Change #1059914 had a related patch set uploaded (by Milimetric; author: Milimetric):

[analytics/analytics.wikimedia.org@master] Add temporary dashboard pointing to old data

https://gerrit.wikimedia.org/r/1059914

Change #1059914 merged by Milimetric:

[analytics/analytics.wikimedia.org@master] Add temporary dashboard pointing to old data

https://gerrit.wikimedia.org/r/1059914

Change #1049281 merged by Milimetric:

[analytics/refinery@master] Implement new way to aggregate browser statistics

https://gerrit.wikimedia.org/r/1049281

Status update on this: the new job is running, I'm going to keep it here until we vet the data. But new data should start showing up right away, and we can compare dashboards side by side and day by day:

UPDATE: the below didn't work, I just ended up deleting the DAG and setting its start date to 2015-06-01

For reference, I cleared all the tasks that this dag ran, and that will refresh data for 2 years. We can decide then if we want to do the full history:

analytics@an-launcher1002:/home/milimetric$ airflow-analytics tasks clear -e 2024-08-05 -s 2015-06-01 browser_general_daily

The backfill job should be done sometime this weekend, and I'll rerun the weekly job then.

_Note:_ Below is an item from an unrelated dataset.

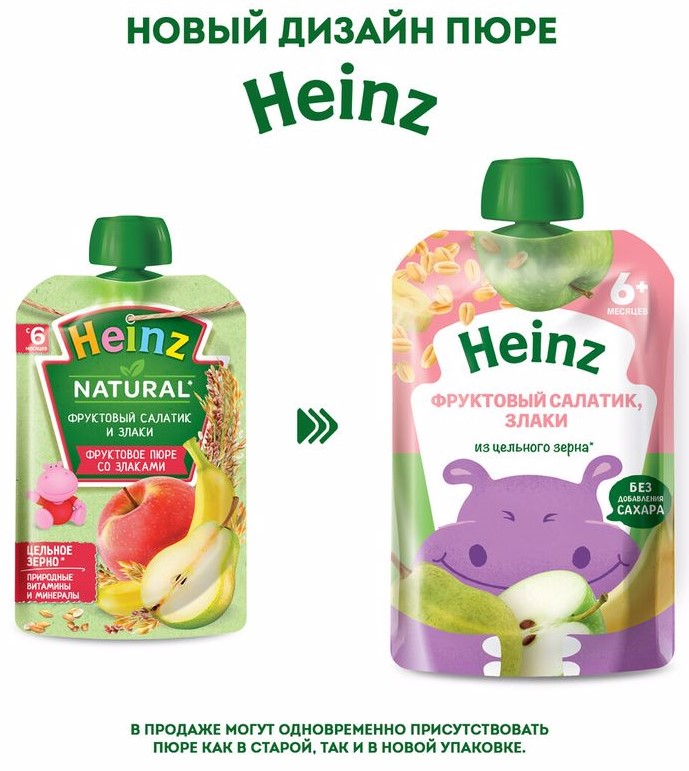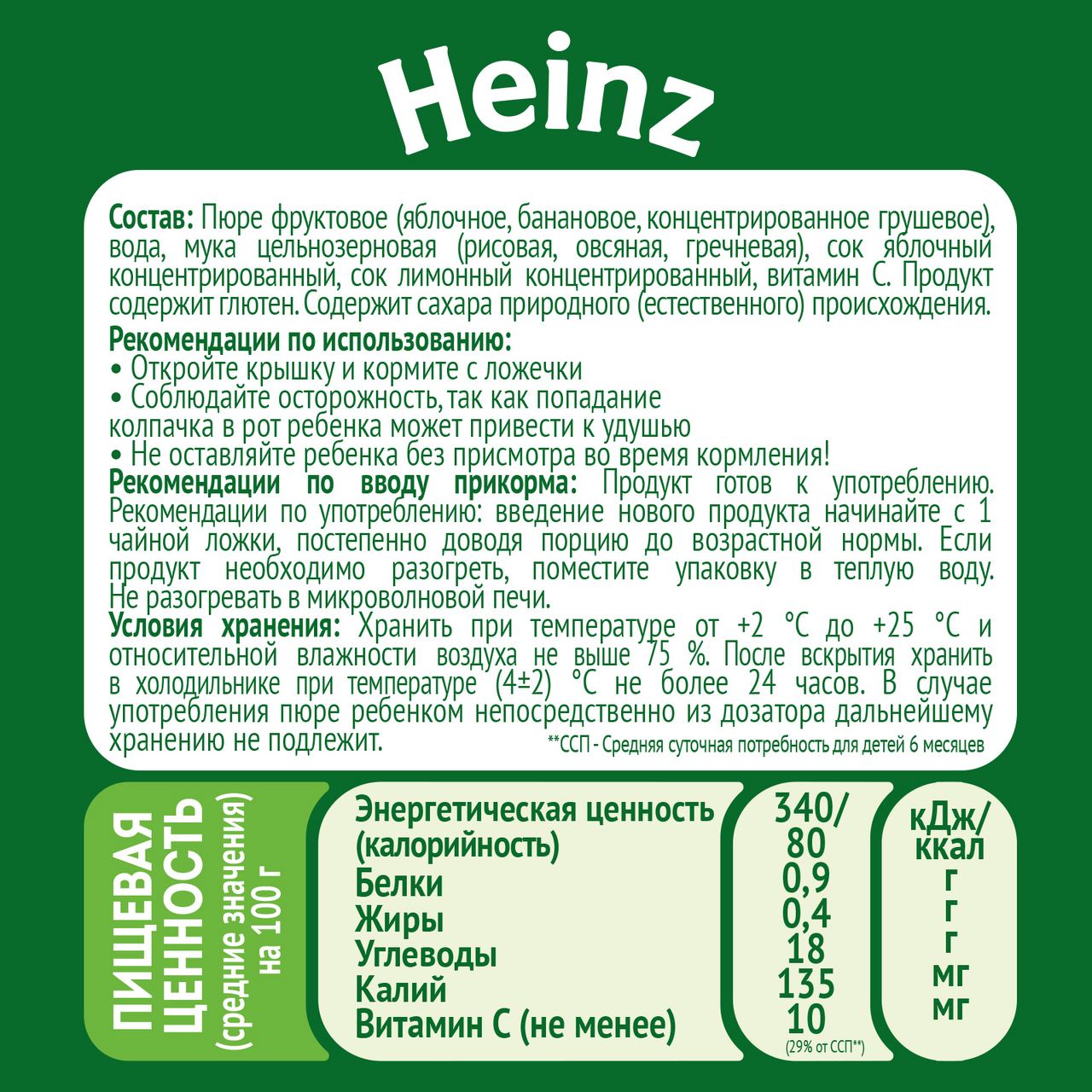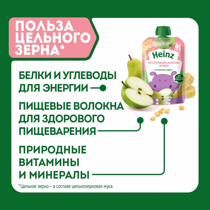 Готовые фруктовые пюре Heinz со злаками — оптимальный вариант для полезного и питательного полдника или перекуса малышей с 6 месяцев. Благодаря упаковке с крышечкой детское пюре легко брать с собой на прогулку. Мягкую упаковку-пауч удобно держать в руках, поэтому ребенок сможет есть пюре самостоятельно. Фруктово-злаковые пюре Heinz из банана, яблока и груши, а также цельнозерновой муки — отличный источник энергии и незаменимых нутриентов. При производстве детских пюре со злаками используются все части зерна, включая отруби и зародыш, что сохраняет пользу цельных злаков. Фруктовые салаты Heinz со злаками созданы с заботой о здоровье самых маленьких.

Change #1062044 had a related patch set uploaded (by Milimetric; author: Milimetric):

[analytics/refinery@master] Remove scripts related to old hive version

https://gerrit.wikimedia.org/r/1062044

Change #1062044 merged by Milimetric:

[analytics/refinery@master] Remove scripts related to old hive version

https://gerrit.wikimedia.org/r/1062044

the new graphs are up. The pivot transformation failed for all the browser family reports, so I'm still fixing that. But, for example, we can now compare these two:

old data: https://analytics.wikimedia.org/dashboards/browsers-previous/#mobile-site-by-browser/browser-family-timeseries
new data: https://analytics.wikimedia.org/dashboards/browsers/#mobile-site-by-browser/browser-family-timeseries

NOTE: With the new detail, some of the line graphs are automatically hiding lines. Dashiki automatically shows only the top 5 if there are more than 40. This is hard-coded but can be easily changed or made configurable, let me know what you think.

Hm.. it seems the "Other" bucket has grown slightly larger than our predictions of 0.26% prediction at T342267#9998984. That could be fine, but wanted to share it in case it's surprising:

  • All by browser: Other 1.0%
  • All by OS: Other 0.89%
  • Desktop by OS: Other 1.2%
  • Desktop by browser: Other 1.5%

This is from the new data in sunburst graphs for 2024-07-08—today (i.e the default).

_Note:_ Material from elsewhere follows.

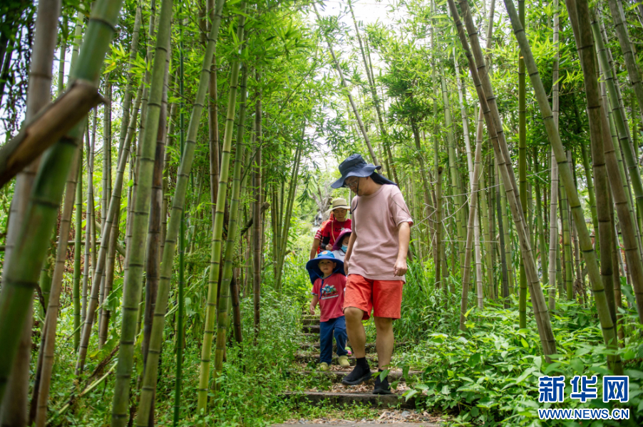 游客在九峰村的生态竹林里穿行。 新华网发(受访者供图)

From what I can see, "Redacted" is used for browser versions under a browser family, or under "Other", and e.g. for OSes under a browser (in "by OS and browser"). The top level has no "Redacted" afaik. But either way, that would be in addition to the above, so for now I'm looking at the top-level "Other" only.

Hm.. it seems the "Other" bucket has grown slightly larger than our predictions of 0.26% prediction at T342267#9998984

This is going to probably confuse a lot of people so I have to be very careful in wording and documentation. But I think this makes sense.

The "Other" that we're seeing now is just coming from UA parser actually identifying the stuff as "Other". There was some old data remaining because of a few failed tasks (all cleaned up now, should sync soon).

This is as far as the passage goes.